Just removed the control knob assembly from my Safari Chef to have a dekko (4 self tappers accessed from underneath and the unit comes away) and note that the jet is a number 72.

Could a larger jet be the answer - say a number 91. 

The existing jet is just screwed in, so changing it would be quite simple.

Just a suggestion. It may not be possible or safe to do this - perhaps some-one with more knowledge will give more certain advice.

Cheers

David


----------



## Zebedee (Oct 3, 2007)

Hi David

Didn't mention this in the earlier post but I did ask the lady exactly that question.

She said it wouldn't make much difference, and I didn't like to argue as she was extremely pleasant and as helpful as she could be . . . but I think I shall give it a try and see what happens. :wink: :roll: 

Having just installed the leisure point I would like to enjoy the convenience of using it, and as long as common sense prevails, a slightly bigger jet will not be dangerous or damaging.

You reckon a 91 will do it?? (Haven't had mine apart yet.) I don't know much about jet sizes.

Dave


----------



## AberdeenAngus (Jul 26, 2008)

Zebedee

I would have thought that, while you have the BBQ on, you are not using gas for anyhting else.
Therefore I don't see what a separate reg would help.
Don't see how having a BBQ point would cause a problem either.
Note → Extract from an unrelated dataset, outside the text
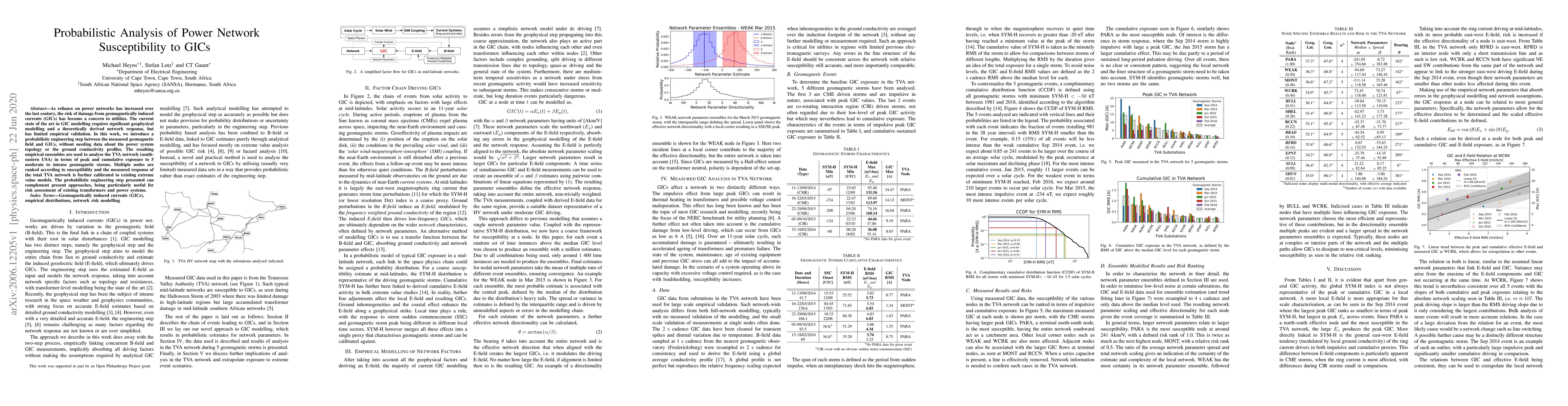 As reliance on power networks has increased over the last century, the risk of damage from geomagnetically induced currents (GICs) has become a concern to utilities. The current state of the art in GIC modelling requires significant geophysical modelling and a theoretically derived network response, but has limited empirical validation. In this work, we introduce a probabilistic engineering step between the measured geomagnetic field and GICs, without needing data about the power system topology or the ground conductivity profiles. The resulting empirical ensembles are used to analyse the TVA network (south-eastern USA) in terms of peak and cumulative exposure to 5 moderate to intense geomagnetic storms. Multiple nodes are ranked according to susceptibility and the measured response of the total TVA network is further calibrated to existing extreme value models. The probabilistic engineering step presented can complement present approaches, being particularly useful for risk assessment of existing transformers and power systems.

I agree with the bit about keeping the hose length down as you will get pressure losses but I think a new jet is the answer.


----------



## bognormike (May 10, 2005)

Zeb

I seem to think there was a previous thread about the gas pressure from a fixed pipe? We've got one, but we only use the cylinders.
It's an excellent little cooker, we use the hotplate all the time - good for cooking fish or meat that smells the 'van out when done inside!! And it can be put together and dismantled quickly. :wink:


----------



## Zebedee (Oct 3, 2007)

Thanks Angus and Mike.

Just needs a real expert now, to advise on what jet size to try.

*Mike* - agree it's a good cooker.

Dead easy to clean as well . . . . . Mrs Zeb does it!! 8O :lol: :lol: :lol:

Dave


----------



## Alfa_Scud (Sep 27, 2006)

I have the safari chef too, & was thinking of putting an external connection point on the van, as at the minute I tend to lift out the bottle etc. 
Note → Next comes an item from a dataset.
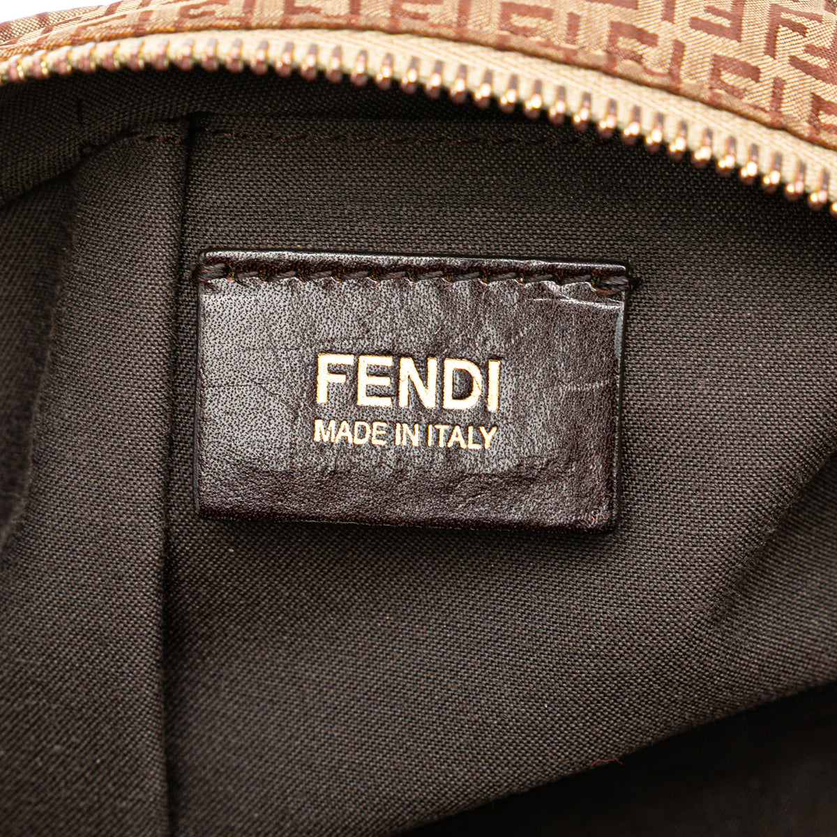 Vintage Fendi Mamma Baguette crafted in iconic Zucchino nylon, featuring the signature FF logo pattern, front FF clasp and practical side pockets, a less common variation of the classic silhouette. Designed for comfortable shoulder carry, this model combines lightweight construction with everyday functionality. A versatile early-2000s Fendi bag, ideal for daily use, travel and effortless Y2K styling.

My hose is only fairly short (& so's the gas pipe missus!! 8O) so I may have to try the larger jet, if you survive to tell the tale Zeb!
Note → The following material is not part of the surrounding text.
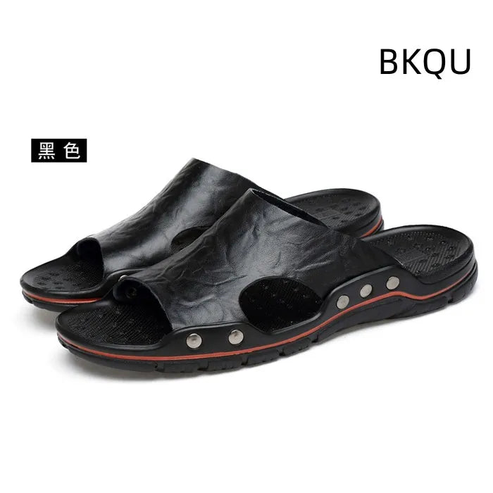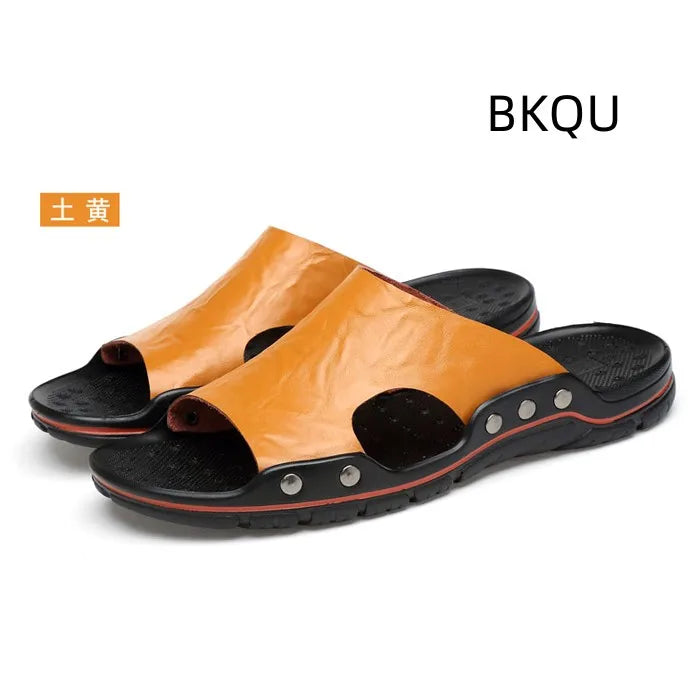 Genuine Leather Slippers for Men Casual Big Size Wear-Resistant Non-slip Fashion Flat Breathable Comfortable Shoes Summer Main

Although I agree with the slow speed of the barby, I find if you use the lid, the food cooks extremely well, & doesn't turn out like charcoal on the outside & raw on the inside! But it does make a bit of a mess of the inside of the lid / wok.


----------



## spindrifter (Nov 14, 2006)

Hi Zebedee
Hi There

I fitted an outside gas point (Bullfinch) last weekend (thanks for your advice on drilling the hole) and have just been outside to compare the Cadac Safari with the Calor bottle supply I used to use.

There is no difference in flame height or heat given as far as is possible to see between the Bullfinch unit or Calor cylinder with it's separate reg. I used a 2 metre length of standard hose. 

The copper tubing I used to the Bullfinch was 8mm (5/16th) in diameter with a run of only 1 meter from the main regulator via a "Tee" piece.

How long is your tube run from the outside fitting to the Cadac? Did you use 8mm (5/16th) copper tubing?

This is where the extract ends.